Author : Elias Buchetmann
Publisher : Cambridge University Press
Page : 271 pages
File Size : 24,56 MB
Release : 2023-03-31
Category : Political Science
ISBN : 1009305972
Hegel and the Representative Constitution provides the first comprehensive historical discussion of the institutional dimension of G. W. F. Hegel's political thought. Elias Buchetmann traces this much-neglected aspect in unprecedented contextual detail and makes the case for reading the Philosophy of Right from 1820 as a contribution to the lively and widespread public debate on the constitutional question in contemporary Central Europe. Drawing on a broad range of primary source material, this volume illuminates the wider political discourse in post-Napoleonic Germany, carefully locates Hegel's institutional commitments within their immediate cultural and political context, and reveals him as something closer to a public intellectual. By exploring this indispensable thinker's demand for the constitutional protection of popular participation in government, it contributes beyond Hegel scholarship to shed new light on the history of democratic theory in early nineteenth-century Europe and encourages critical reflection on questions of representation today.

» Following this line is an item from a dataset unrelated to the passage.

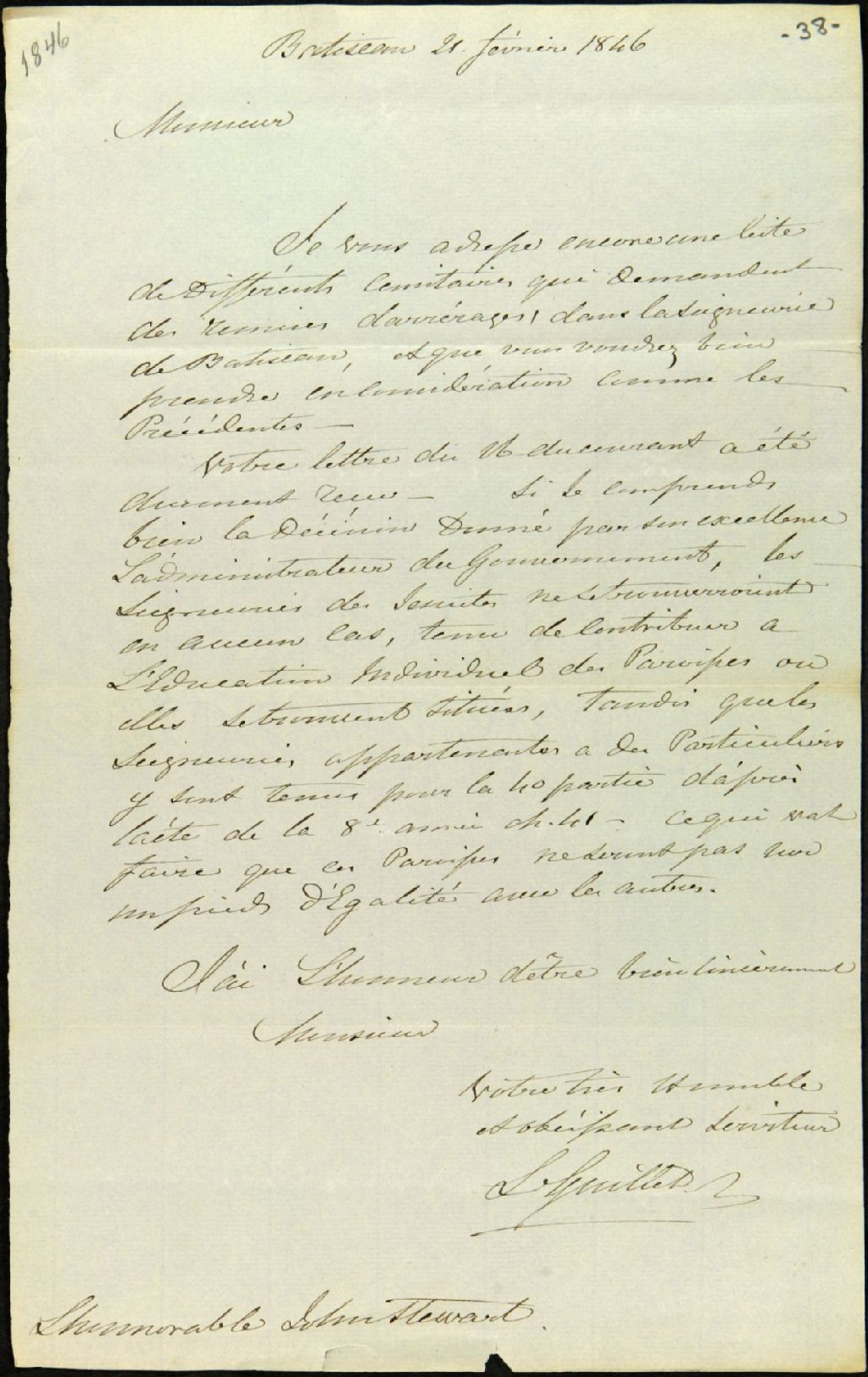 Lettre de Louis Guillet, agent des biens des Jésuites pour le district des Trois-Rivières, de Batiscan, à John Stewart, commissaire des biens des Jésuites, de Québec, fournissant une liste des différents censitaires qui demandent des remises d'arrérages dans la seigneurie de Batiscan, 21 février 1846, Archives nationales à Québec, Fonds Ministère des Terres et Forêts, (03Q,E21,S64,SS5,SSS10,D38).

Author : Francesco Orlando
Publisher : Yale University Press
Page : 520 pages
File Size : 26,34 MB
Release : 2008-10-01
Category : Literary Criticism
ISBN : 0300138210
Translated here into English for the first time is a monumental work of literary history and criticism comparable in scope and achievement to Eric Auerbach’s Mimesis. Italian critic Francesco Orlando explores Western literature’s obsession with outmoded and nonfunctional objects (ruins, obsolete machinery, broken things, trash, etc.). Combining the insights of psychoanalysis and literary-political history, Orlando traces this obsession to a turning point in history, at the end of eighteenth-century industrialization, when the functional becomes the dominant value of Western culture. Roaming through every genre and much of the history of Western literature, the author identifies distinct categories into which obsolete images can be classified and provides myriad examples. The function of literature, he concludes, is to remind us of what we have lost and what we are losing as we rush toward the future.
Author : MAGGIE ALLEN
Publisher : Lulu.com
Page : 180 pages
File Size : 12,36 MB
Release : 2019-01-09
Category : Reference
ISBN : 0244448892
Nineteenth century Romanticism. In-depth study of Jean Paul Richter.